“Ain’t you scared, Reverend?”
Timothy had to smile at the awed tone in the boy’s voice. Yes, he was a boy, despite his white-knuckled grip on the rifle in his hand and the blue uniform that hung limply on his lanky frame.
“No, Rob, I ain’t.” Timothy slowed his strides as Rob attempted to speak again.
“But you didn’t sign up to go fight Injuns, didja? I mean, you bein’ a preacher an’ all.” Rob’s freckled-washed face tinged crimson as he wrestled with the words. “I just figured you’d stay in the fort.
A memory, unbidden, sprang into Timothy’s mind. A room spattered with blood, the heavy death-stench in his mouth, the moans from the dying family – his family. His jaw flexed beneath his beard.
“I’m a chaplain, which means I have to care for the men of this fort. Where are they most likely to need me? Inside these walls or on the battlefield?”
“I get your meanin’.” Rob nodded sagely, eliciting another smile from his fort pastor. “I reckon it takes a heap o’ guts for a man of the cloth to head out into a fight with savages.”
The reply rushed to his lips by habit, but Timothy choked a little on the words. “They’re people, too, Rob. People with souls to be saved.”
“Beggin’ your pardon, Reverend,” Rob apologized quickly, face flushing darker than before. “I gotta’ get to my column. I’ll be watchin’ for you, just so’s nothin’ happens to ya’.”
“Thank you, I’ll be praying for you.”
Timothy smiled with genuine warmth as the boy loped across the parade ground to join his comrades. Hot bile flamed up his throat as he shouldered his own weapon. He had not been required to go into combat since his assignment to the frontier fort, and the time away from the battlefield had not lessened his distaste for it. This particular battle, though… his heart was pounding with the struggle to keep the anger at bay. The years of study and prayer had succeeded only in burying it and the hate that coursed through him when he thought of the brutal way his parents and older brother had been slain. All because of some drunks who decided to take the Indian problem out of the hands of the government. His was not the only family destroyed by the aftermath.
The piercing call of the bugle reminded him that he had been standing stock-still since Rob left him. He hastened toward his column, trying to ignore the snatches of memories still teasing at his straining nerves. He had fought back against the renegade who stole his baby sister. There was a livid scar just covered by the hair on his left temple and his sideburn, showing where the brave had so easily cast him against the sharp edge of the fireplace. Rose’s scream was his last memory of the scene before the blood dripping down his forehead had sent him into oblivion.
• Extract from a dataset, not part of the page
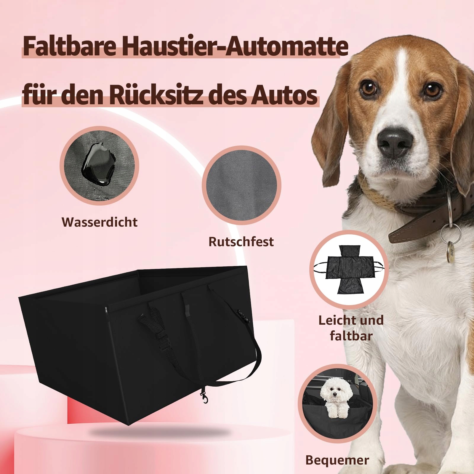 Idealny rozmiar i praktyczny design: Po rozłożeniu fotelik samochodowy dla psów ma wymiary 50 cm długości, 44 cm szerokości i 32 cm wysokości. Idealny dla małych do średnich psów i pasuje do różnych modeli samochodów.

Dear Lord, have mercy on us this day. Protect these soldiers and give them success in battle.
The prayer felt like sacrilege as his took his place in the column. He knew better than to pretend with God, but he was trying. Wasn’t his present obedience worth just as much as the forgiveness he could not give? He had accepted this post knowing what it would likely cost him.
Rob turned in his place several rows up and sought his eyes, his face deathly pale against the carrot hue of his hair. Timothy did his best to smile encouragingly as the bile flamed red-hot within. The boy wasn’t much older than he had been that day…
A shrill war cry broke into the colonel’s instructions. The men immediately fell into battle stance. Their enemies had anticipated them.
Timothy brought his weapon to the ready, watching as the gates were thrown open to meet the foe. His heart wrenched as his finger froze on the trigger, waiting for the signal. He could not kill in anger. He could not erase the anger coursing through him. The struggle tensed every muscle in his body. The well of red-hot fury opened even further. The mandate from his heart terrified him.